A medical doctor who questions an individual solely to obtain information upon which to predicate a diagnosis, so that he can prescribe appropriate medical treatment or care for the individual, is not performing an investigative or disciplinary function; neither is he engaged in perfecting a criminal case against the individual. His questioning of the accused is not, therefore, within the reach of Article 31. We so held in United States v Baker, 11 USCMA 313, 29 CMR 129 (1960), and United States v Malumphy, 12 USCMA 639, 31 CMR 225 (1962).

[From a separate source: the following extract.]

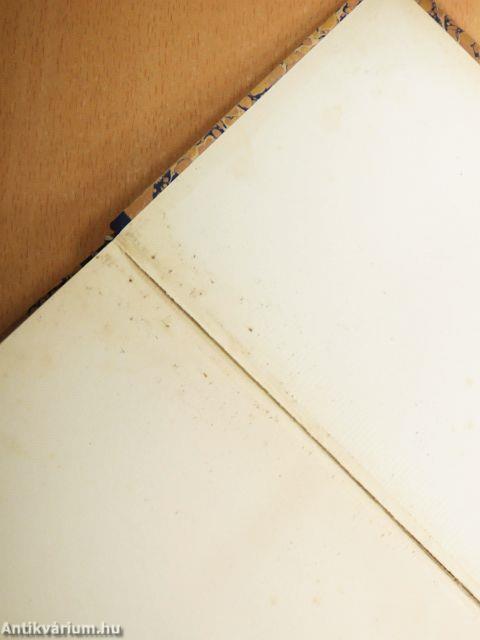 A borító kopott, néhány lap foltos. A kötés megtört.

In the Baker case, a doctor examined the accused in a routine physical examination for prisoners. He noticed needle marks on the accused’s arms. He regarded the marks as “neutral” circumstances because they could have come from proper medical procedures. Rejecting.a defense contention that the doctor’s testimony as to narcotic use was inadmissible because the accused was not first advised' of the right to remain silent, we noted that even if the doctor had, before he questioned the accused, “concluded the use of narcotics was a distinct possibility,” if his purpose was to acquire information solely for medical reasons, “his questioning was proper and not in contravention of the Article.” Maiumphy, supra, was later modified on the presentation of new facts in a petition for a new trial, 13 USCMA 60, 32 CMR 60 (1962), but the modification did not affect the rationale of our first opinion on the facts then before the Court. There, we “reject [ed]” the accused’s argument that, because he had not been first informed of his right to remain silent under Article 31, his answers to questions by the doctors were inadmissible in evidence against him. We noted that the accused had been admitted to the hospital “for medical examination” and that this examination was the sole “concern of the doctors.” We concluded that under the circumstances the doctors “were under no obligation to warn the accused of his rights before interviewing him.” United States v Malumphy, 12 USCMA 639, 640, 31 CMR 225 (1962).

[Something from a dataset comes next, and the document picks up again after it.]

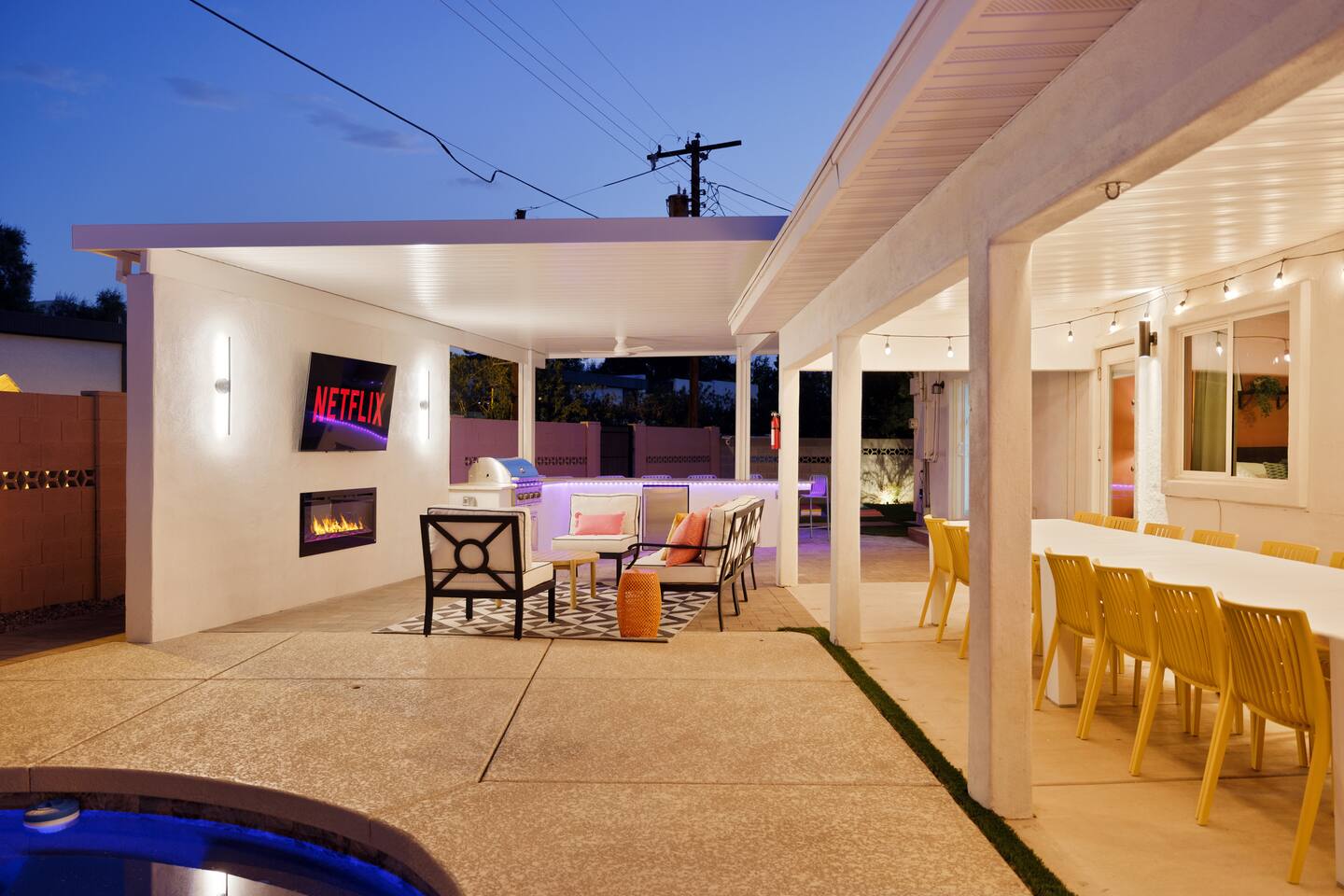 - 2 Miles from Old Town Scottsdale! - Heated pool*, pool loungers, pool towels - Hot Tub, yard for games or yoga - Covered outdoor lounge, Smart TV, fireplace - Outdoor Kitchen, grill, fireplace, fridge, bar seating - Glam bar, Games, Smart TVs - Concierge Service: Stock the fridge, snack board, marg bar, decor **Arriving early or leaving late? Ask us about our half day add-on, if our calendar allows

Appellate defense counsel contend that United States v Babbidge, 18 USCMA 327, 40 CMR 39 (1969), and a line of cases culminating in United States v Ross, 19 USCMA 51, 41 CMR 51 (1969), narrowed Baker, supra, to allow into evidence only the doctor’s medical opinion, not statements made by the accused under questioning by the doctor, unless the accused was first informed of the right to remain silent. The argument misconstrues the import of the cited cases. They dealt with waiver by the accused of the right to assert the applicability of Article 31 to rebuttal testimony of a Government expert witness as to his opinion of the accused’s sanity. We held that reliance upon insanity for exoneration from criminal prosecution constituted a waiver by the accused of the right to remain silent at a Government-requested examination for psychiatric evaluation so that testimony by one of the psychiatrists, as to his opinion as to accused’s sanity, was admissible in evidence against the accused, notwithstanding the accused was not first informed of his rights under Article 31. Baker and our first Maiumphy decision dealt with the complete inapplicability of Article 31 to the particular kind of questioning- to which the accused in those cases were subjected. Since the questions asked the accused by the doctor in this case were solely for medical diagnosis and treatment, the threshold advice prescribed by Article 31 was not required, and the accused’s answers were admissible.

We answer the certified question in the affirmative, and we affirm the decision of the Court of Military Review.

Chief Judge DARDEN and Judge Dun- ' can concur.